Он позволяет несколько наборов (четыре набора для venn, 3 набора для диаграмм Эйлера), настраиваемые цвета и шрифты, простой синтаксис и, самое главное, размер кругов, пропорционально размеру наборов данных (по крайней мере, когда сравнение 2 наборов данных). Чтобы установить:
install.packages("VennDiagram")
library(VennDiagram)
Для тех, кто использует пакеты биокондукторов и работает с геномными координатами, недавно vennDiagram был реализован в пакете ChIPpeakAnno (версия 2.5.12) и позволяет довольно пересекать геномные координаты, например, пиков Chip-seq. Для ранних пользователей вам может потребоваться установить пакет разработки.

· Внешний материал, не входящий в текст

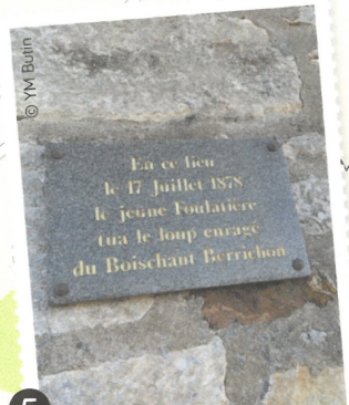
5 Le loup enragé de Tendu Mosnay
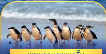
พาเหรดนกเพนกวิน
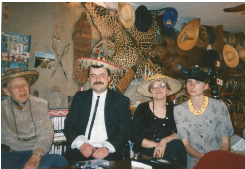
Spotkanie nauczycieli w Międzyzlesiu.
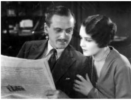
1928 THE FIRST BORN de Miles Mander avec John Loder
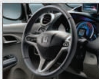
49 Volant en cuir
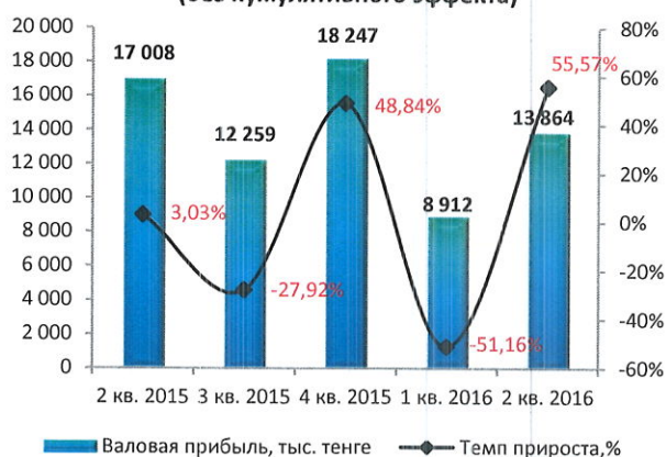
Динамика валовой прибыли (без кумулятивного эффекта)

Незначительные расхождения между итогом и суммой слагаемых объясняются округлением данных.
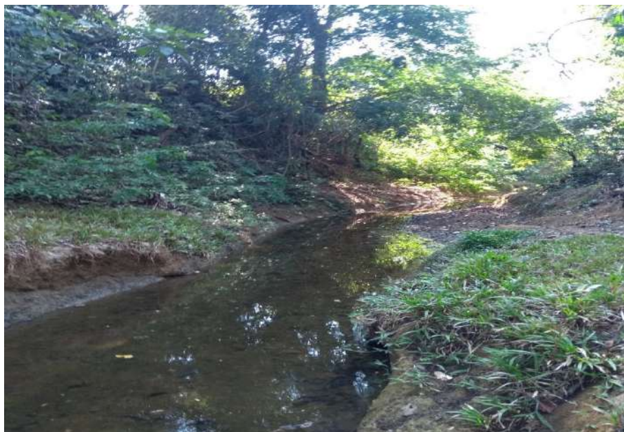
Arroyo de Palenque en el sector Alberto.

Asimismo, el Arroyo era un lugar que se destacaba porque representaba el sitio en el que se encontraban muchas personas para recolectar un poco de agua para bañarse o para lavar la ropa. Esta última labor era desarrollada por las mujeres de la comunidad, quienes se ubicaban por orden de llegada una tras la otra en la corriente de agua, tratando siempre de llegar temprano para ubicarse en el primer puesto, y así no recibir el agua usada de la ropa de las demás. En un día podían ir a reunirse cerca de 15 mujeres en el Arroyo.
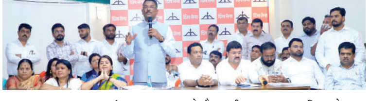
जागरूक टाइम्स संवाददाता

मीरा भायंदर। ठाणे लोकसभा और विधानसभा में महायुति के प्रचंड जीत के बाद शिवसेना अब मीरा भायंदर में सदस्यता अभियान चलाएगी, जिसके अंतर्गत एक लाख नए सदस्य बनाने का लक्ष्य रखा गया है। यह कहना है महाराष्ट्र के परिवहन मंत्री प्रताप सरनाईक का। मीरा भायंदर मनपा चुनाव का बिगुल बज चुका है। 22 जनवरी को कोर्ट का निर्णय आनेवाला है। सरनाईक के अनुसार मनपा चुनाव में भी महायुति का बोलबाला होगा अधिक से अधिक कार्यकर्ताओं-नेताओं को ताकौद देते हुए कहा कि आम जनता तक लोग पहुंचे उनकी समस्या को सुने निवारण का प्रयास करें। 23 जनवरी से नौ फरवरी तक सदस्यता अभियान के तहत आरोग्य शिविर, मतदाताओं के नाम मतदाता सूची में डालने जैसे कई जनहित के कार्य किए जाने वाले हैं। नौ फरवरी को शिवसेना मुख्य नेता एकनाथ शिंदे का जन्मदिन है, इसी को ध्यान में रखते हुए सदस्यता अभियान चलाया जाएगा। सरनाईक शिवसेना जनसंपर्क कार्यालय पहुंचे थे, जहां मनपा चुनाव को लेकर चर्चा की गई। सरनाईक ने पार्टी को मजबूत बनाने के लिए कार्यकर्ताओं नेताओं को सजग और सतर्क रहने के निर्देश दिए। सरनाईक ने कहा कि वे भले ही मंत्री बन गए हों पर वे जनता को पूरा समय दे दें जनता के सीधे संपर्क में रहेंगे। तत्कालीन सीएम एकनाथ शिंदे ने यहां के विकास के लिए तीन हजार करोड़ की निधि उनके प्रयासों के चलते उपलब्ध कराई थी।
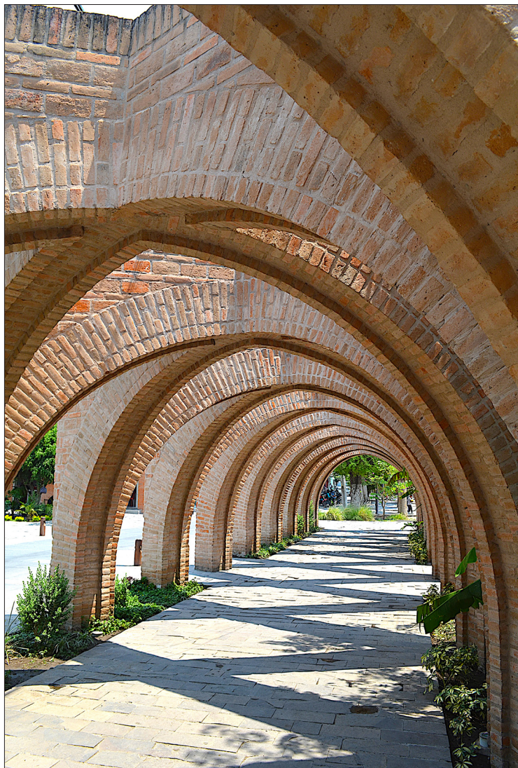
▲ Las arcadas del centro de Jojutla, en poco tiempo se convirtieron en un emblema del municipio.

“El Ave Fénix renacía de sus cenizas, entonces se convertía, en un ave todavía más hermosa. Así fue en Jojutla: el Sismo del 2017 nos destruyó y hoy nadie me puede negar que estamos mejor que antes del sismo”.

peaks1 = RangedData(IRanges(start = c(967654, 2010897, 2496704),
end = c(967754, 2010997, 2496804), names = c("Site1", "Site2", "Site3")),
space = c("1", "2", "3"), strand=as.integer(1),feature=c("a","b","f"))
peaks2 = RangedData(IRanges(start = c(967659, 2010898,2496700,3075866,3123260),
end = c(967869, 2011108, 2496920, 3076166, 3123470),
names = c("t1", "t2", "t3", "t4", "t5")),
space = c("1", "2", "3", "1", "2"), strand = c(1, 1, -1,-1,1), feature=c("a","b","c","d","a"))
makeVennDiagram(RangedDataList(peaks1,peaks2, peaks1, peaks2), NameOfPeaks=c("TF1", "TF2","TF3", "TF4"),
totalTest=100,useFeature=TRUE, main="Venn Diagram",
col = "transparent",fill = c("cornflowerblue", "green", "yellow", "darkorchid1"),
alpha = 0.50,label.col = c("orange", "white", "darkorchid4", "white", "white", "white", "white", "white", "darkblue", "white", "white", "white", "white", "darkgreen", "white"), cat.col = c("darkblue", "darkgreen", "orange", "darkorchid4"))
Вот ссылка на другую версию для трех переменных: http://elliotnoma.wordpress.com/2011/02/09/venn-diagram/
Код также доступен в пакете colorfulVennPlot: http://cran.r-project.org/web/packages/colorfulVennPlot/index.html
Я бы порекомендовал пакет VennDiagram: http://cran.r-project.org/web/packages/VennDiagram/VennDiagram.pdf
На пачке 19 вы найдете 10 папок очень хороших примеров (как продвинутых, так и упрощенных). На данный момент я не нашел ничего, что не может сделать, что мне нужно.